Records provided:
++++

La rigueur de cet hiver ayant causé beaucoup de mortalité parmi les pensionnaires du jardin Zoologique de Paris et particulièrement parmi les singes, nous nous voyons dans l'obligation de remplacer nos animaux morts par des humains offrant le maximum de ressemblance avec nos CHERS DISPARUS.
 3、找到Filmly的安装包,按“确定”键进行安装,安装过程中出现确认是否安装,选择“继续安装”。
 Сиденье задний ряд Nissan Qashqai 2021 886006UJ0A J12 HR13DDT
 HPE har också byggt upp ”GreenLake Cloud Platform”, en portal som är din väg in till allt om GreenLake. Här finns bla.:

++++

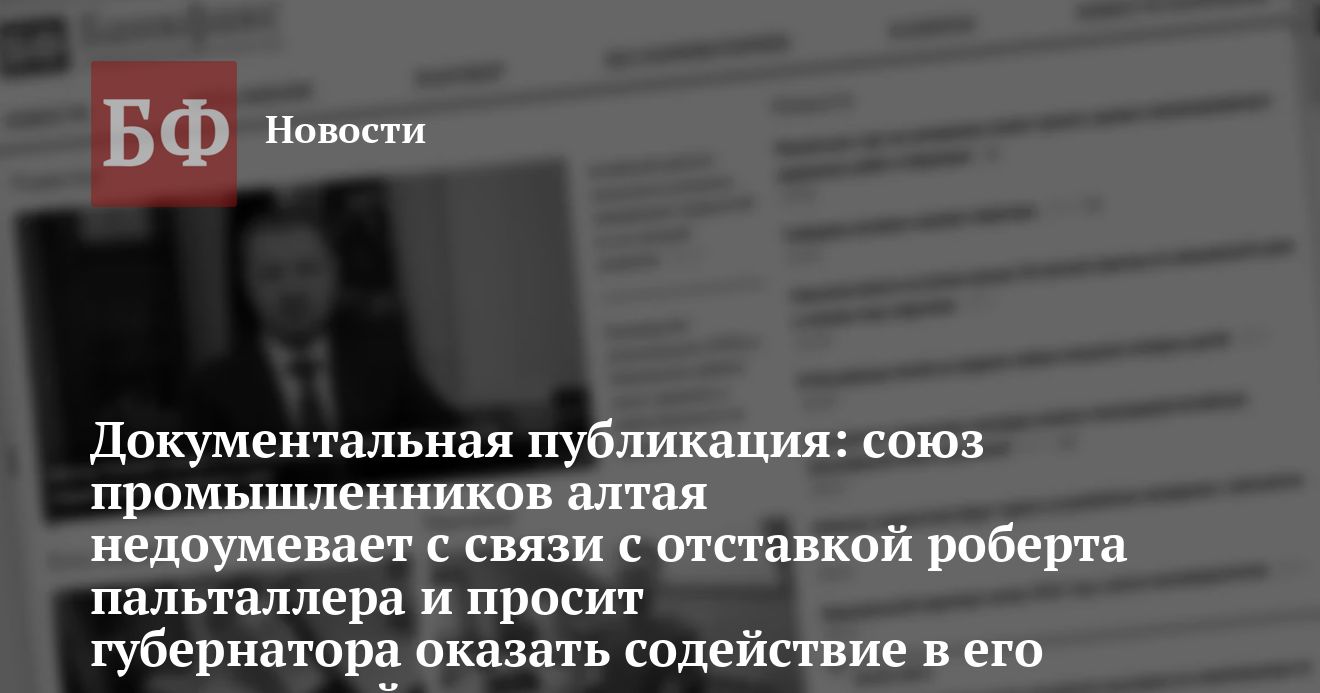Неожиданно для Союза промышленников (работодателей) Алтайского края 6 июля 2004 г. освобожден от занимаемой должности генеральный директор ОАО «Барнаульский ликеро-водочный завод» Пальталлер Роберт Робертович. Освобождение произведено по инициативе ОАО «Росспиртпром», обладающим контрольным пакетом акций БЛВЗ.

++++

Work instructions: All that should be written out is the stretch of lines above between the one holding "Сиденье задний ряд" and the one holding "HPE har också", inclusive, exactly as given.

Solution for this task:
 Сиденье задний ряд Nissan Qashqai 2021 886006UJ0A J12 HR13DDT
 HPE har också byggt upp ”GreenLake Cloud Platform”, en portal som är din väg in till allt om GreenLake. Här finns bla.:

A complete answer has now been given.